Conclusion and Future Work
This investigation was a fascinating journey from a one-line
vulnerability description to an emulated proof-of-concept. The key
takeaway was the critical importance of the detection method: a simple
try...except
block is not enough to catch subtle memory
corruption bugs; active monitoring with hooks is essential.

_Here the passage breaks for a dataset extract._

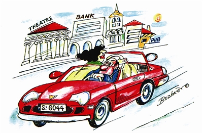 这对夫妻各持己见自行其“道”,彼此间的隙痕十分明显,如不协调驾驶方向,“两人世界”就会像漫画所预警的那样——危险!【保加利亚】波兹科夫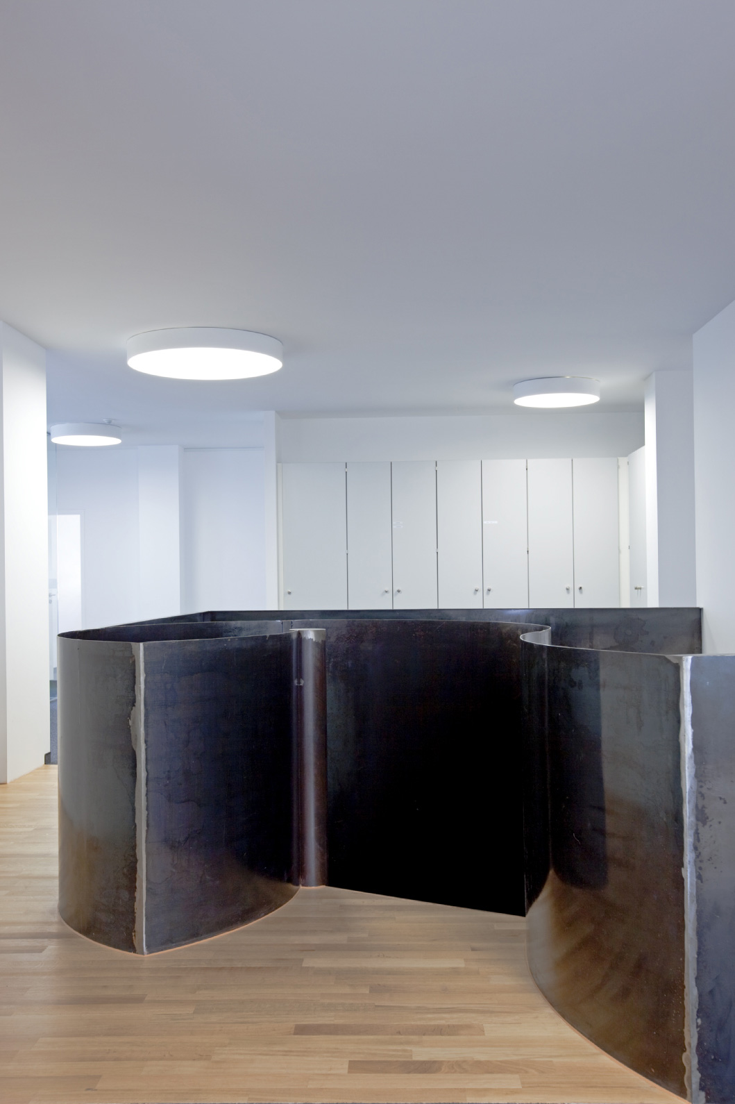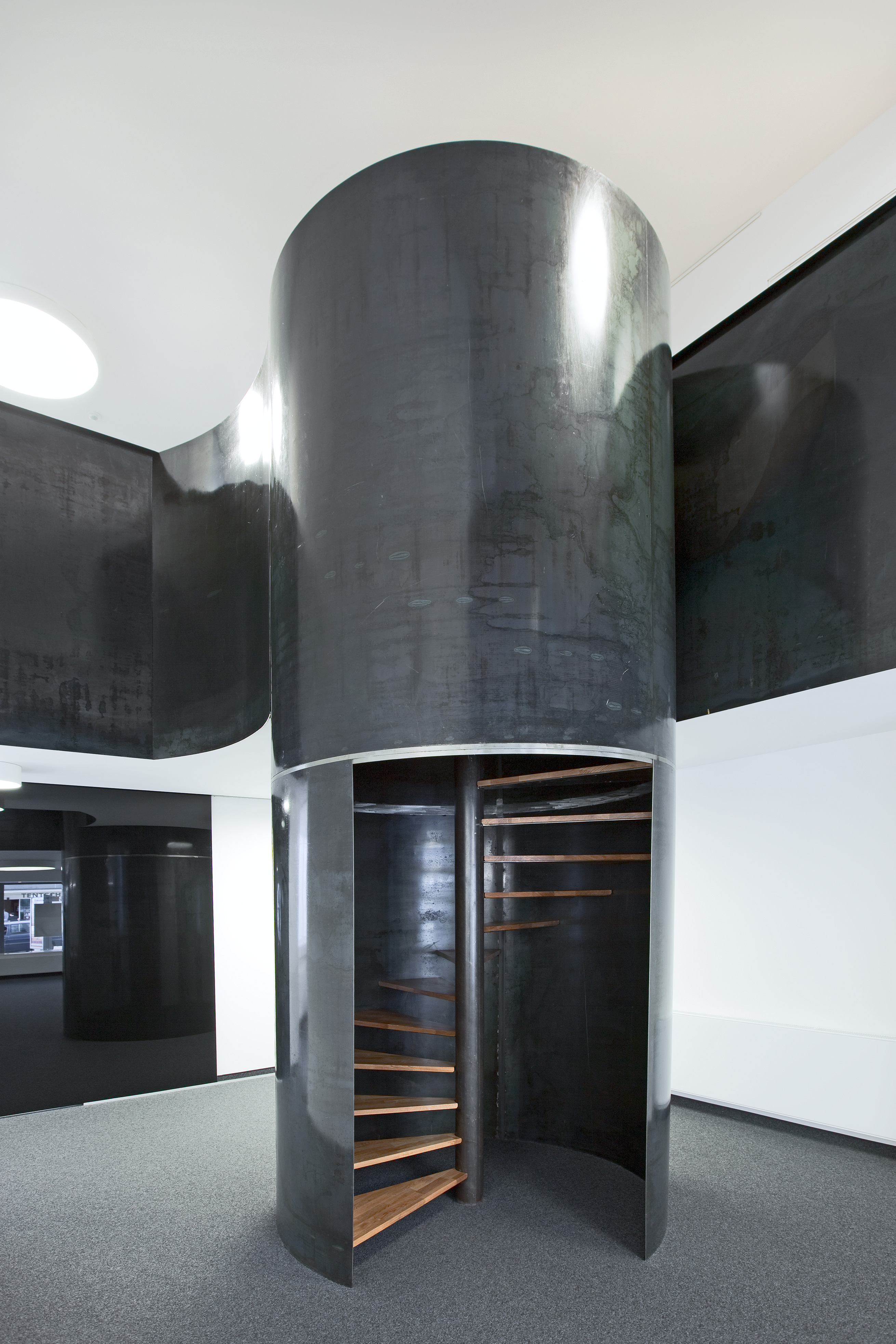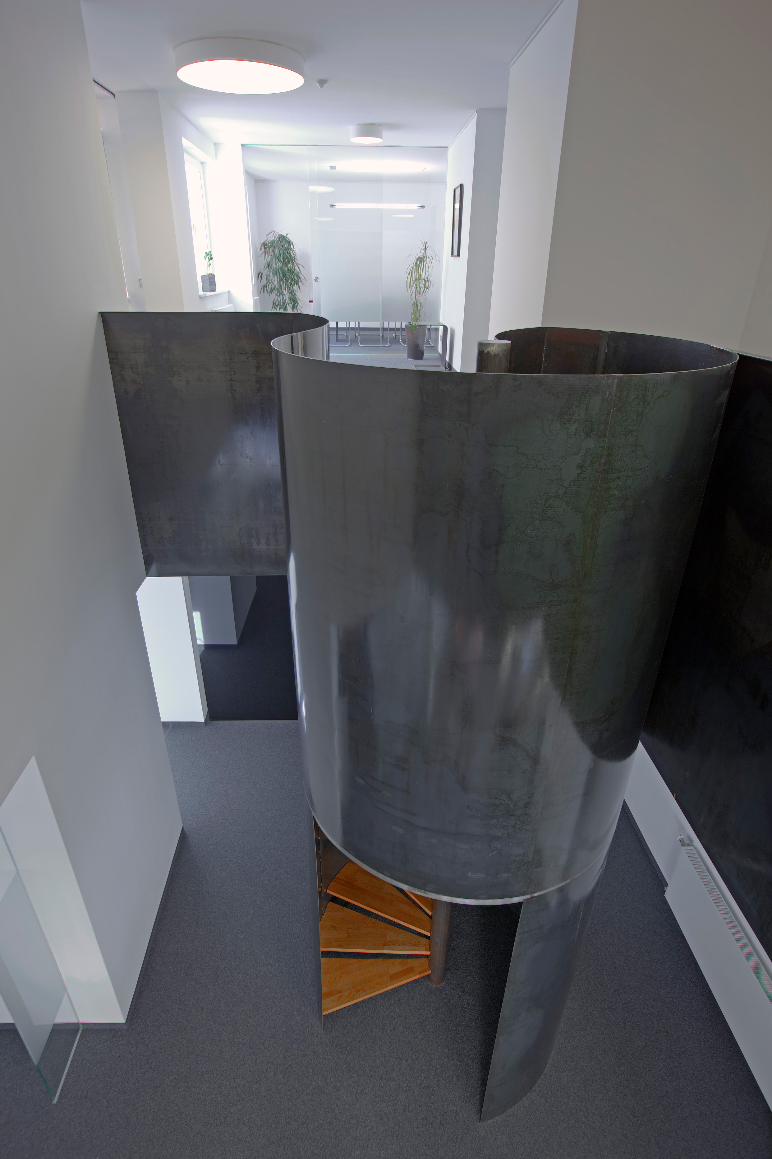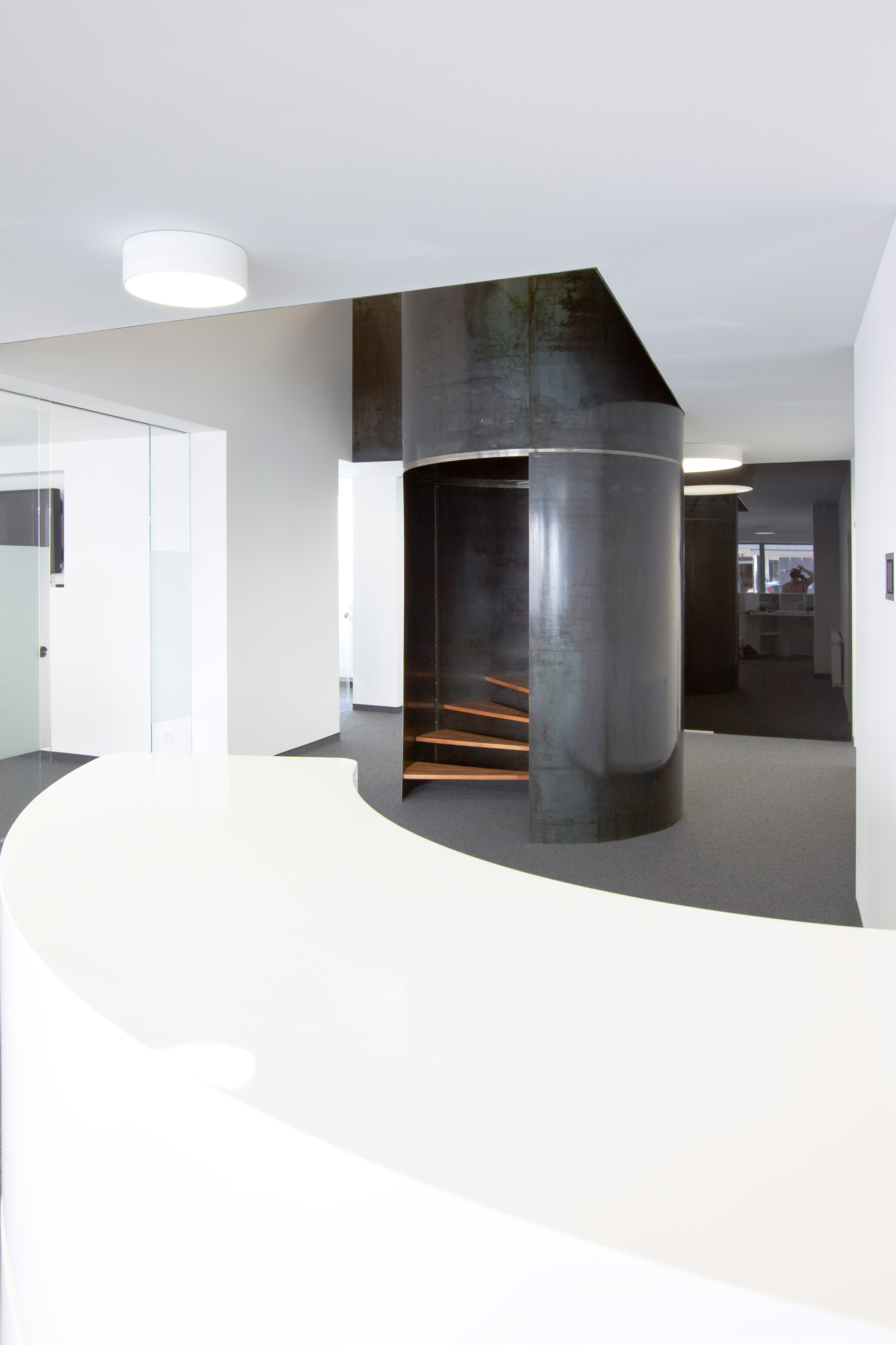 im eckhaus an der kreuzung frauenstraße/schuhhausgasse entstand auf zwei geschossen eine auf wenige elemente reduzierte arbeitswelt. um eine möglichst freie und offene kommunikation zwischen beiden geschossen zu schaffen wurde ein großzügiger, rund 7 meter hoher luftraum integriert. die verbindung der beiden ebenen erfolgt über eine spindeltreppe, die von einer tonne aus geöltem schwarzblech gefasst wird. die freiform stellt das zenrale element der arbeitswelt dar. die profillosen glastrennelemente in den büros sorgen für lichtdurchflutung und die notwendige transparenz. die maßgefertigten, schlichten und hochweiß glänzenden möbel fügen sich mit ihren klaren strukturen wie selbstverständlich in den bestand. kontraste entstehen durch die wirkung großer flächen; die transparenz und die weißgestrichenen wände stehen im deutlichen kontrast zu der in anthrazit gehaltenen treppe, dem bodenbelag als nadelfilz und dem mobilen raumteiler, der als schwarzlackierte, 2,60 x 2,40 meter große glasscheibe, gestaltet wurde.

My next steps in this research area will be to:
Analyze CVE-2025-23276 to understand the installer-level attack
surface.(BIG IF)
Explore similar driver architectures from other
vendors like AMD.
More portable and easier malware propagation(PURELY
FOR RESEARCH PURPOSES!)
Malware obfuscation
Regarding the last point of Malware obfuscation, I have a pretty interesting idea(imo) that involves propositional logic complication. I have been spending time researching this and I am aware of the existing solutions to this idea, mine differs a bit(maybe). This is far more challenging and given the spare time I usually have alongside my university, I doubt this project will be realized any time soon.
BYE
TFLL37
P.S. #NAHALm4Life
Disclaimer: This article is provided for educational purposes only. I BEAR NO RESPONSIBLITY OR LIABILITY FOR ANY CONSEQUENCES RESULTING FROM THE USE OR MISUSE OF THE INFORMATION CONTAINED HEREIN.